Comment fonctionne une mutuelle de santé ?

Une mutuelle est une association d’employeurs sans but lucratif qui collabore avec la Sécurité sociale dans la gestion de prestations importantes du système de Sécurité sociale telles que les contingences professionnelles, l’incapacité temporaire ou la cessation d’activité des travailleurs indépendants. Leur histoire remonte à 1900, date à laquelle ils ont été créés pour faire face aux accidents du travail. Depuis lors, les mutuelles qui collaborent avec la Sécurité sociale ont évolué et augmenté leurs compétences. Elles gèrent des ressources et des services publics, ce qui signifie qu’elles sont gérées et contrôlées par l’administration de l’État, par l’intermédiaire du secrétaire d’État à la sécurité sociale et de ses organismes affiliés, ce qui en fait une formule de collaboration mixte public-privé. Pour fonctionner comme une mutuelle, l’association doit être autorisée par le ministère du travail et de la sécurité sociale.

Que font les mutuelles ?

La collaboration des mutuelles porte sur différents types de couverture et de prestations, qui vont aujourd’hui bien au-delà des accidents du travail. Les mutuelles ont pris en charge la gestion de la prestation d’incapacité temporaire pour aléas courants (1996), des prestations pour risque pendant la grossesse et risque pendant l’allaitement (2007), de la cessation d’activité des travailleurs indépendants (2010) et de la prestation de soins pour les mineurs atteints de cancer ou d’autres maladies graves (2011).

En bref, elles gèrent les accidents du travail et les maladies professionnelles ainsi que la prévention des risques professionnels et l’amélioration des conditions de travail et de santé dans les entreprises.

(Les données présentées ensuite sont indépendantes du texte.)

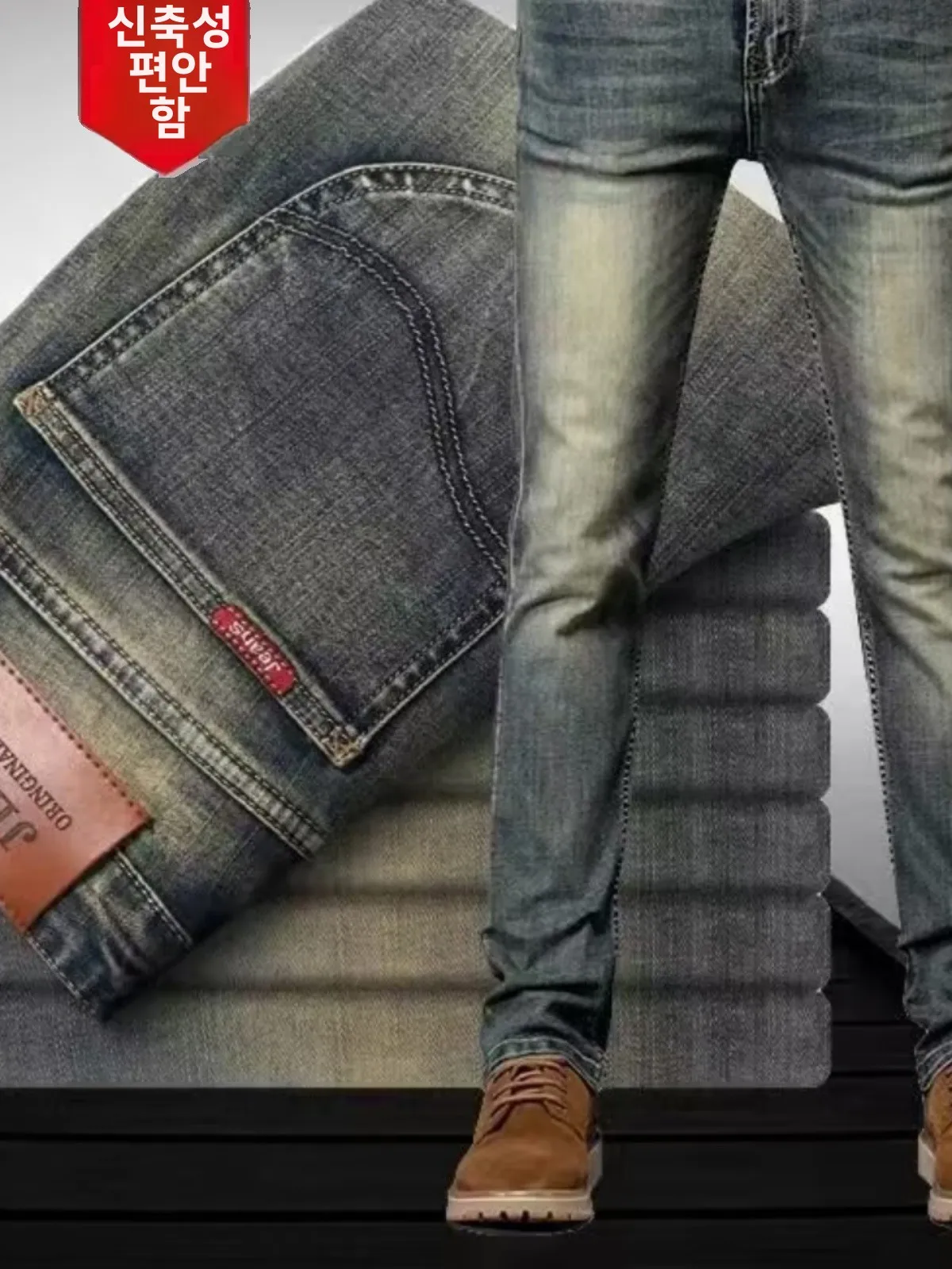 하이엔드 레트로 남성 슬림핏 스트레이트 레그 신축성 있는 패셔너블한 청바지 봄 가을 롱 팬츠 코튼 스트레치 데님 미드 웨이스트 지퍼 캐주얼웨어

Elles couvrent aussi le bénéfice économique de l’Incapacité temporaire due à des contingences communes et couvrent la protection de la cessation d’activité des travailleurs indépendants ou non-salariés. C’est notamment le cas de la mutuelle pour auto entrepreneur.

Obligatoire ou volontaire ?

Les entreprises et les indépendants ont l’obligation de couvrir l’incapacité temporaire de leurs travailleurs due à des éventualités communes auprès d’une mutuelle. En revanche, la couverture des aléas professionnels par une mutuelle est totalement volontaire. Vous pouvez choisir de couvrir ces aléas par l’intermédiaire d’un organisme de gestion de la sécurité sociale (Institut national de la sécurité sociale et Institut de la marine sociale) ou d’une mutuelle.

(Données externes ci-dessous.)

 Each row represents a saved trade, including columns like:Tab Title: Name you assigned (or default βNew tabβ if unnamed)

Quel que soit le choix fait par l’employeur, le contenu et la portée de l’obligation de verser des cotisations sont exactement les mêmes. Si l’employeur opte pour que cette protection soit assurée par une société mutuelle, il doit signer un accord d’association, qui définit les droits et les obligations des employeurs et qui est valable pour une période d’un an.

Quid de leur financement ?

Les mutuelles sont financées par deux cotisations distinctes : l’une pour la gestion des contingences professionnelles et l’autre pour les contingences communes. La collaboration des mutuelles à la gestion des risques professionnels est financée au moyen des primes d’accident du travail versées exclusivement par l’employeur et perçues par la Trésorerie générale de la Sécurité sociale. Quant aux cotisations pour les accidents du travail et les maladies professionnelles, elles sont versées en appliquant un tarif en fonction de l’activité économique exercée par l’entreprise, en utilisant la classification nationale des activités économiques.

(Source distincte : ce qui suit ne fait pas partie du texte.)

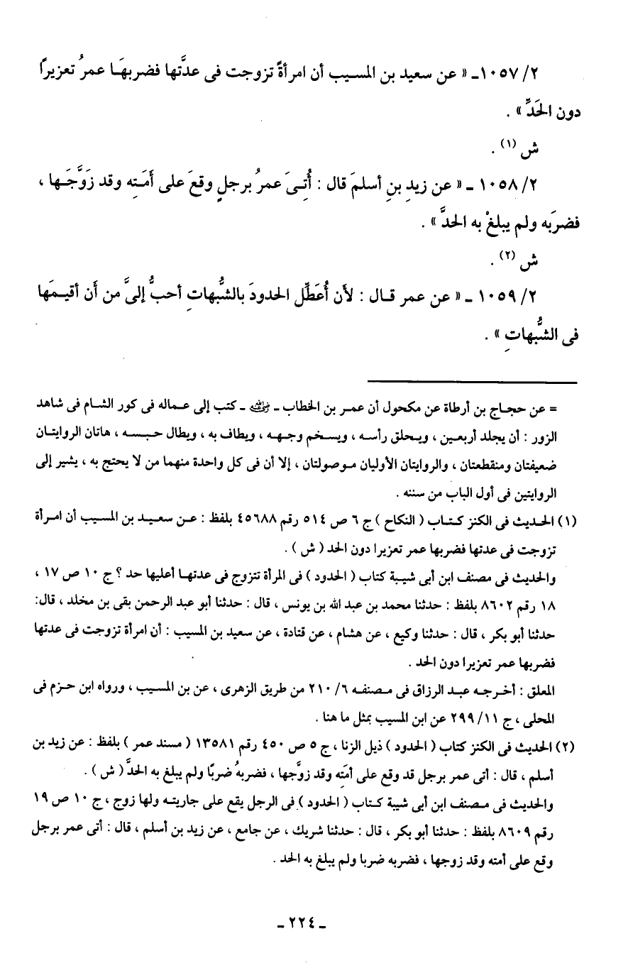 (¬2) الحديث في الكنز كتاب (الحدود) ذيل الزنا، ج 5 ص 450 رقم 13581 (مسند عمر) بلفظ: عن زيد بن أسلم، قال: أتى عمر برجل قد وقع على أمَتِه وقد زوَّجها، فضربهُ ضربًا ولم يبلغ به الحدَّ (ش).

La collaboration de ces entités à la gestion des contingences communes est financée par un pourcentage ou une fraction des cotisations pour contingences communes, qui sont payées tant par les employeurs que par les travailleurs, et qui sont également perçues par la Trésorerie générale de la sécurité sociale.

Font-elles des bénéfices ?

Non. Les mutuelles d’assurance ne peuvent pas faire de bénéfices pour leurs membres. Dans le cadre de la gestion des contingences professionnelles, les mutuelles constituent une Réserve de Stabilisation, qui aura un montant minimum équivalent à 30 % de la moyenne annuelle des cotisations versées au cours des trois dernières années pour chaque contingence. Ce pourcentage peut être porté volontairement à 45 %. L’excédent résultant de l’affectation de cette réserve est affecté comme suit : 80 % de l’excédent est affecté au Fonds des contingences professionnelles de la Sécurité sociale, affecté aux fins de la Sécurité sociale et qui peut être appliqué à la création ou à la rénovation de centres de soins et de réadaptation, à la réalisation de travaux de recherche, de développement et d’innovation de techniques et de traitements thérapeutiques et de réadaptation pour les pathologies dérivées d’accidents du travail et de maladies professionnelles, ainsi qu’à l’incitation des entreprises à adopter des mesures et des processus qui contribuent efficacement à la réduction des contingences professionnelles.